Julie Helsinki, like some of her neighbors, voiced concern about how the
clinic’s proximity might affect home resale values. A 1999 state law prohibits
methadone clinics from locating within 500 feet of homes, schools and
churches.
   
Laird Street is just across state Route 315 from the Woodlands Inn &
Resort.
   
“I don’t think we at the Woodlands would be opposed to it,” Chief Executive
Officer Gary Kornfeld said Wednesday, stressing that he was offering only his
personal opinion. He said people need treatment if they are ill and it’s
unfair to differentiate among treatments.
   
“Where do you put that facility, in the middle of the woods? And how do
they get there?” Kornfeld asked.
   
Longtime Parsons Manor resident Sam Anderson said the clinic should located
in a rural setting.
   
“I don’t want it in my area,” said Anderson, a parent who has lived on
Brader Drive for 24 years. “I got young kids and I don’t want anything to do
with drug addicts.”
   
A few houses away, Carol Cierniakoski expressed thanks that a methadone
clinic might finally locate in Luzerne County. The 27-year resident said she
will do anything she can to help that effort.
   
“I think the area is desperate for it,” she said, noting that local addicts
must now drive to the closest methadone clinics in Allentown and New Jersey.

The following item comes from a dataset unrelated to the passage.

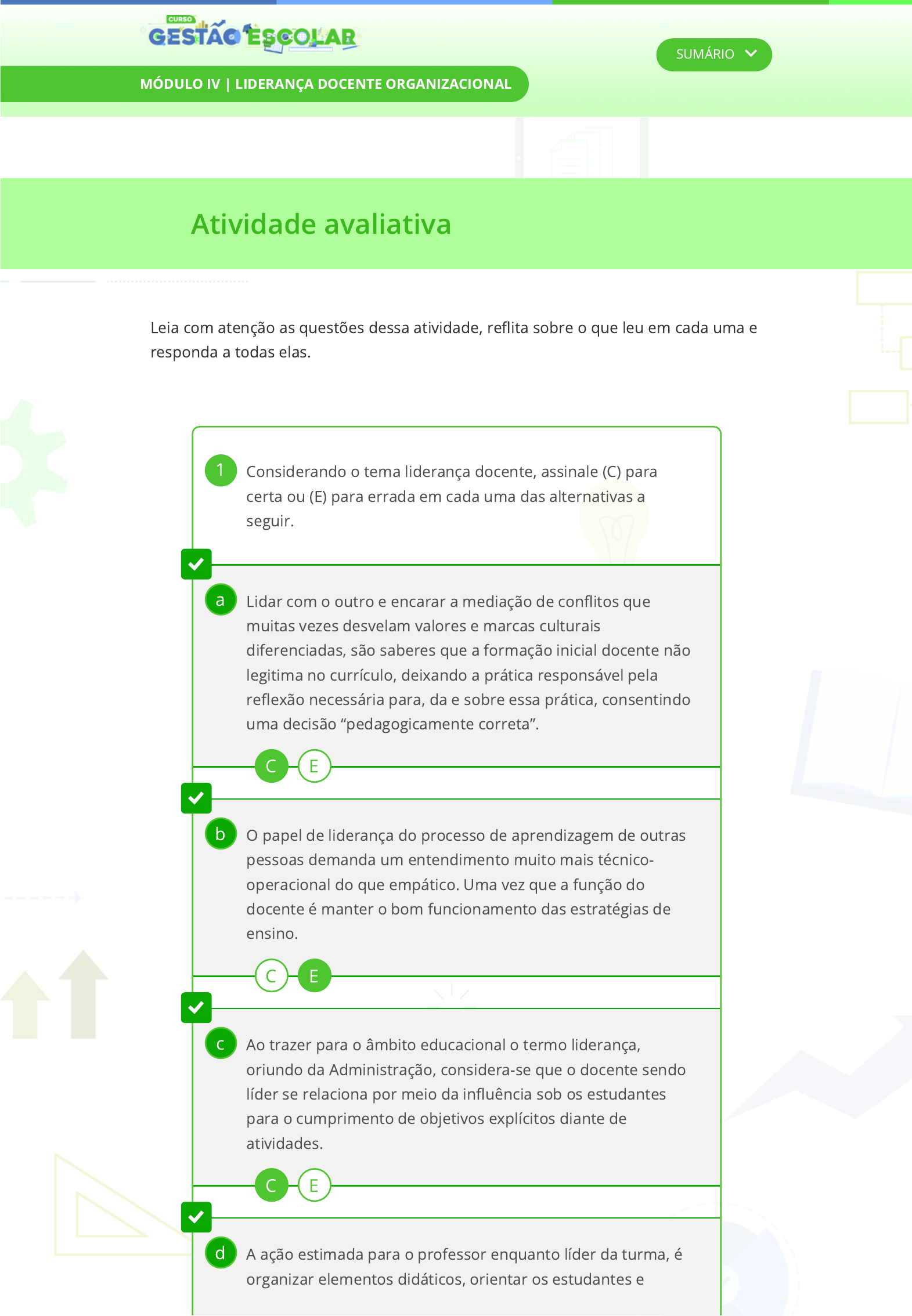 31/08/2023, 19:19 Liderança docente organizacional https://avamec.mec.gov.br/#/instituicao/seb/curso/14703/unidade/8131/acessar?continue=false 1/9 SUMÁRIO Atividade avaliativa Leia com atenção as questões dessa atividade, re�ita sobre o que leu em cada uma e responda a todas elas. Considerando o tema liderança docente, assinale (C) para certa ou (E) para errada em cada uma das alternativas a seguir. 1 Lidar com o outro e encarar a mediação de con�itos que muitas vezes desvelam valores e marcas culturais diferenciadas, são saberes que a formação inicial docente não legitima no currículo, deixando a prática responsável pela re�exão necessária para, da e sobre essa prática, consentindo uma decisão “pedagogicamente correta”. a EC O papel de liderança do processo de aprendizagem de outras pessoas demanda um entendimento muito mais técnico- operacional do que empático. Uma vez que a função do docente é manter o bom funcionamento das estratégias de ensino. b EC Ao trazer para o âmbito educacional o termo liderança, oriundo da Administração, considera-se que o docente sendo líder se relaciona por meio da in�uência sob os estudantes para o cumprimento de objetivos explícitos diante de atividades. c EC A ação estimada para o professor enquanto líder da turma, é organizar elementos didáticos, orientar os estudantes e d MÓDULO IV | LIDERANÇA DOCENTE ORGANIZACIONAL 31/08/2023, 19:19 Liderança docente organizacional https://avamec.mec.gov.br/#/instituicao/seb/curso/14703/unidade/8131/acessar?continue=false 2/9 deliberar tarefas que levem à aprendizagem. EC Complete as considerações de Lemov (2016), a seguir, sobre a atuação do professor em sala de aula. Basta selecionar a opção correta, clicando no link que aparece em cada lacuna. 2 In�uenciar fazer internalizar acreditar controle os alunos é inspirá-los a , a querer dar certo e a querer estudar por razões intrínsecas às tarefas diante deles. É o próximo passo, para além do controle. O leva-os a as coisas que você sugere; a in�uência leva-os a querer as coisas que você sugere. In�uenciar acreditar controle fazer internalizar Para o clima em sala de aula - o ambiente psicológico precisa ser harmonioso e motivador, portanto, a liderança docente deve ser: 3 de senso de justiça e autoridade, a exemplo da atuação, personalidade e postura em sala de aula do professor Guilherme. E que considere o espaço da sala de aula estritamente para a aprendizagem dos conteúdos conceituais e factuais dispostos no currículo. a democrática, considerando o que os estudantes têm a dizer sobre as orientações e tarefas. Reconhecer-se diante do estudante também como aprendiz não é tarefa comum ou simples ao professor, pois essa pro�ssão resguarda crenças b 31/08/2023, 19:19 Liderança docente organizacional https://avamec.mec.gov.br/#/instituicao/seb/curso/14703/unidade/8131/acessar?continue=false 3/9 culturais de que o “professor sabe tudo” ou de que o “professor é quem deve ensinar” ensejando ao estudante uma cultura passiva diante do próprio aprender. de uma atuação em que o professor deve assumir posturas e limites precedidos de sua visão sobre a educação, o conhecimento, a sala de aula e a própria função do professor. c justa, exigente e �rme, considerando, por exemplo, a postura do professor de usar a exclusão de estudantes de sala de aula para preservar o ambiente e o clima necessário a toda aprendizagem. d Conforme discutido e apresentado nesse módulo, o modus operandi do professor se relaciona: 4 ao gerenciamento de objetivos, conteúdos, estratégias e recursos vislumbrando a aprendizagem, evidenciando-a pela avaliação, estimando então a gestão da aprendizagem, as relações interpessoais e a mediação de con�itos. a às suas escolhas e tomadas de decisões uma vez que, entre outras posturas e atitudes, ele deve sempre se colocar em um piso de estrutura física superior ao espaço reservado às carteiras dos estudantes. b à prática docente associada tão somente à ação de ensinar. O que signi�ca que essa prática é independente do processo de aprendizagem dos estudantes. c em compreender que, basicamente, para que o processo de ensino e de aprendizagem aconteça e seja signi�cativo, basta lançar mão de diferentes técnicas e métodos e utilizá-los em sala de aula. d 31/08/2023, 19:19 Liderança docente organizacional https://avamec.mec.gov.br/#/instituicao/seb/curso/14703/unidade/8131/acessar?continue=false 4/9 Assinale a alternativa correta em relação à seguinte declaração: "A liderança docente ocorre diante dos processos de ensino e de aprendizagem. Considerando que o ensino tem como foco a aprendizagem intencional, o papel do líder é justamente gerir essa aprendizagem." 5 Dentro do processo de ensino, a estratégia de exposição deve ser a mais utilizada, por se tratar de um recurso dialógico que favorece a troca entre o professor e os estudantes propiciando melhor compreensão e entendimento do exposto. a Direcionar normas, regras e comportamentos deve ser uma tarefa instrutiva, diretiva e unilateral do professor, ela não necessita de acordo entre quem gerenciará - o professor, e quem atenderá às normas - o estudante. b A aprendizagem é qualquer mudança relativamente permanente no comportamento, e que resulta de experiência ou prática. Portanto, se caracteriza por escolha, tomada de decisão; demanda a vontade, atenção, percepção, ativação de memória, motivação e movimento de outro indivíduo - estudante. O professor precisa dispor relação favorável e harmoniosa, ressaltando do estudante a combinação entre consciência e atitude para evidenciar de fato, a aprendizagem. c Na prática docente, o professor deve considerar o espaço da sala de aula estritamente para a aprendizagem dos conteúdos conceituais e factuais dispostos no currículo. d Em relação a algumas estratégias de abordagens compor

Cierniakoski said she has firsthand knowledge of those with heroin addictions.
   
“There are kids right in your own neighborhood,” she said. Cierniakoski
said a methadone clinic here might be the only way to get rid of those who
sell drugs to children. “Nobody can say it can’t happen to their kid.”
   
Next door neighbor Mike Rushton opposes the clinic’s location and is
concerned about the patients.
   
“You don’t know what will happen with all the people flowing through the
neighborhood,” he said. Rushton’s home is located in the Wilkes-Barre portion
of the manor and he said he therefore doesn’t have much say in what happens in
Plains Township.
   
Township police Chief Ed Walsh has concerns. He acknowledged that the
clinic’s clients will be carefully controlled and the facility must follow
numerous guidelines.
   
“Who is going to control them once they leave that property?” he asked.
Walsh said many people work in the area of the proposed clinic and his concern
is for them and for residents.
   
Walsh said he is contacting police departments in Phillipsburg, N.J., and
Allentown to inquire about changes in crime rates after their methadone
clinics opened.
   
“We don’t know what we’re going to be exposed to. It’s the unknown.”